A Swiss couple said they were on business visa for the past 50 years but still it ‘costs’ them to get this every five years. A French couple had the same experience. Their story is sad. Their two sons who were born here, grew up here, and who considers Sri Lanka their own country, could not remain here and had to leave once they were adults at 18 yrs. They were considered foreigners when they grew up. Imagine the confusion of a child when he is told such by the country they have loved and beheld as their own all their lives. Now, they have to come on tourist visas for a month or so when they visit their ‘motherland’, where their parents still live. These parents too have been living here for more than 30 years. It is the predicament of most of these Sri Lankan born children of long-term expats.

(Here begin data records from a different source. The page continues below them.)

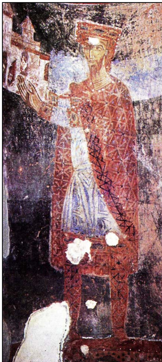
Рис. 1. Зетский король Михаил. Церковь Св. Михаила в Стону, 1080 г., фреска (по Гаврилович 1980—1993, 1: цв. ил. V).

Рассмотрим выбранные изображения в хронологическом порядке. К числу наиболее ранних из сохранившихся до нашего времени изображений, относится портрет зетского короля Михаила 3 (Церковь Св. Михаила в Стону, 1080 г.) (рис. 1) (Гаврилович 1980—1993, 1: цв. ил. V; Радойчић 1996: цв. ил. I). Король запечатлен в рост, что позволяет рассмотреть его полный костюм: голубого цвета подпоясанную тунику, обрамленную по подолу, на запястьях и предплечьях узорчатой тесьмой, частично видимое широ-
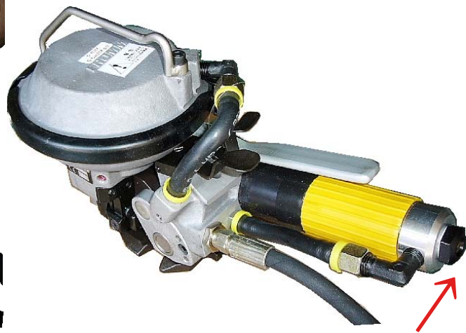
引締め力調整スクリュー
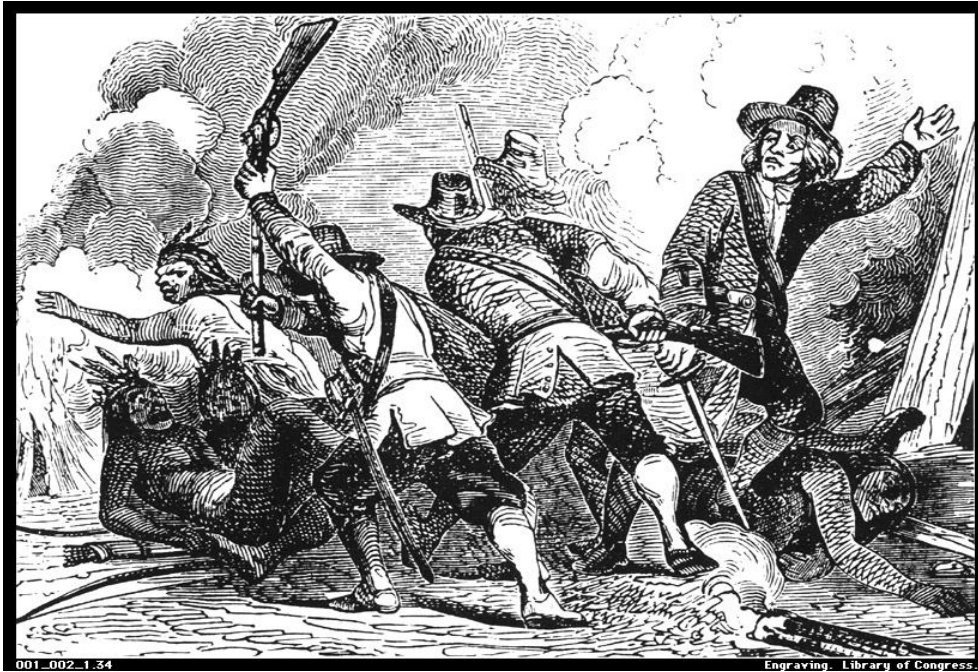
Slika 2. - Jednostavan prikaz jednog od sukoba puritanaca i članova domorodačkog plemena Pequota u Pequotskom ratu 1637. godine ( https://en.wikipedia.org/wiki/Pequot_War )
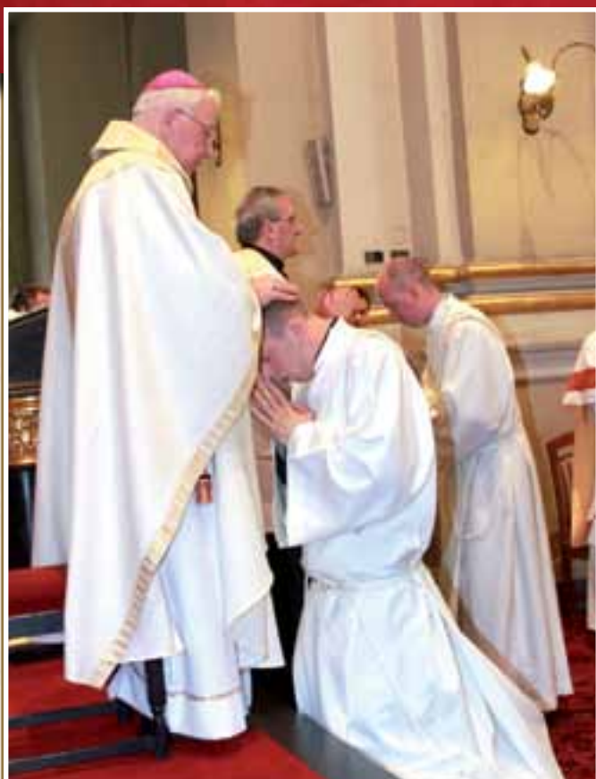
Święcenia kapłańskie w seminaryjnym kościele Księży Misjonarzy p.w. Nawrócenia św. Pawła Apostoła w Krakowie
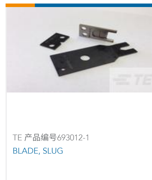
TE 产品编号693012-1 BLADE, SLUG
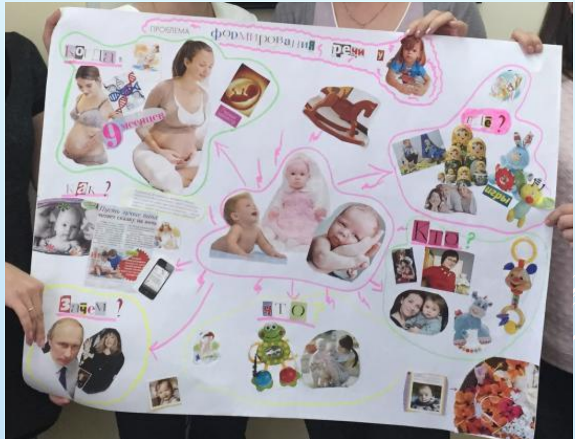
Пристендовый доклад на НПК

I think it’s time Sri Lanka caught up with the rest of the world in this regard and embraced the ones who love this country genuinely. They have proved this beyond doubt, by living here and bringing massive amounts of foreign currency over the years. Their expertise has served Sri Lanka well. In fact, Sri Lanka should promote itself as a retirement heaven. It’s a market Malaysia has tapped very successfully over years. With the Sri Lankan hospitality and the high level of medical care available, this should be the obvious path. No foreign investors will be looking at Sri Lanka now with its prohibitive taxes and import restrictions in place at the moment. Countries like Bangladesh and India have overtaken Sri Lanka economically with their open and welcoming regulations for investments and Sri Lanka has suffered with its ever-shifting foreign policies and the paranoid view of the foreigners who want to live here. It is high time Sri Lanka shed its unwelcome and inhospitable practices and embrace the genuine people who want to come and make Sri Lanka their home.